The waiter comes by and starts off by asking how they are doing tonight.  Crying Girl responds, “I’m not good, I’ve been crying for days.”  Inappropriate Friends says cheerfully, “We need shots!” [Note:  if you find yourself telling the waiter that you have been “crying for days”, you are not ready to be in public, you should be home under the covers with some Netflix. Not to belabor the point, but tequila is only going to make this night worse for everyone in this story. I see drunk-dialing in Crying Girl’s future, cheerfully encouraged by Inappropriate Friend.]

When you don’t want a relationship to end, it’s hard to unclench the grip that’s holding on to someone that is trying to get away.

Sometimes people come to see me 5, 7 or even 10 years after they got divorced and they are still fighting.

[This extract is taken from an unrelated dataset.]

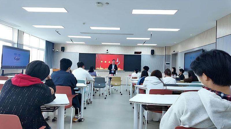 大赛颁奖典礼在智慧教室举行。学院领导、评委代表、获奖学生代表等出席了典礼。典礼上获奖学生代表分享了创作心得,学院领导对大赛意义和成果给予了高度评价,鼓励教师要用青年喜爱的形式让思想政治理论课‘活起来’,引导学生在创作中深化理论认知,在实践中坚定理想信念。这些作品既是思想政治课教学改革的成果缩影,更是青年学子将‘小我’融入‘大我’的生动宣言,并鼓励同学们继续深入学习马克思主义理论,争做担当民族复兴大任的时代新人。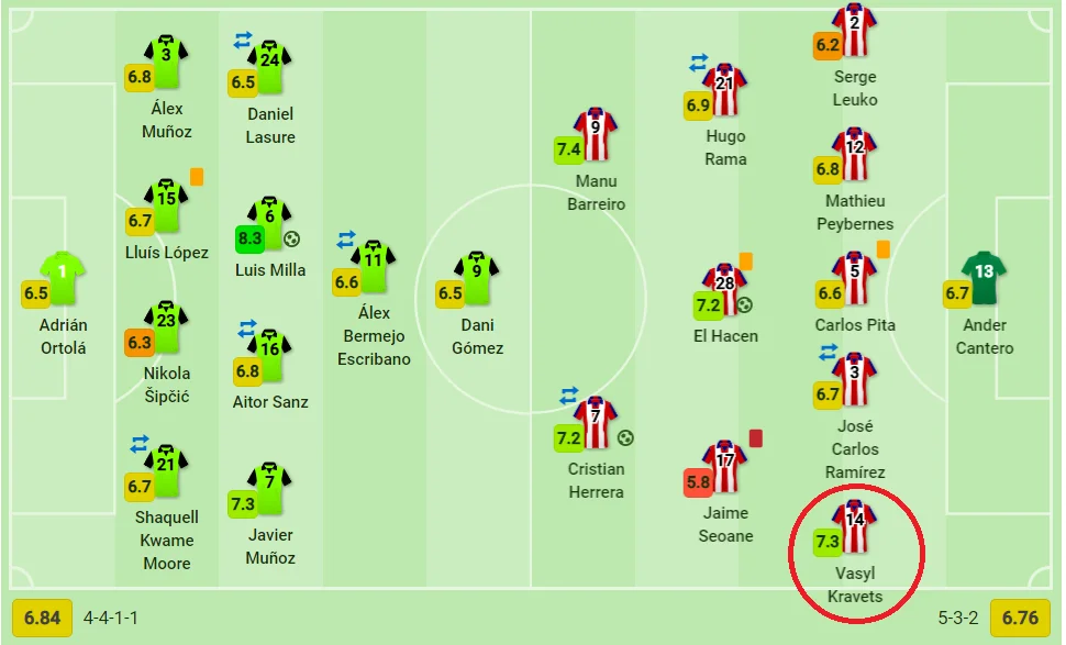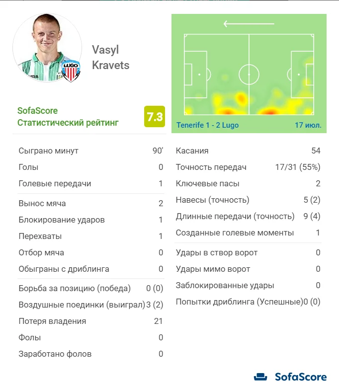 Кравец вернулся в основу своей команды и провел довольно качественный матч. Простая и надежная игра сзади, несколько подач в штрафную (правда, низкая точность передач в целом). Вишенкой стал ассист на Эль-Хасена во время решающего гола. Все это принесло Василию 7,3 балла от SofaScore – второй результат в команде.

That’s a long time to hold on to a broken relationship.  It always makes me sad to see people latched on to each other for dear life without noticing that the one thing that will make life better is to let go.

There are going to be people in your life that you can’t let go of, even if it is a difficult relationship.  You might have difficult people that won’t let you go or you might have difficult relationships with people that you are stuck with – the father of your children, your father, your children, the mean and incontinent cat your kid left behind when she went to college that lives on for decades.

Holding difficult relationships lightly creates more space for compassion.  Teenagers are often prickly and difficult.  Parents of teens are told over and over to “not take it personal” and “let the attitude slide off you like water on a duck’s back”.  That’s good advice for ex-spouses and mean cats, too. Keep your distance, a level of detachment and a sense of humor.  Unclench.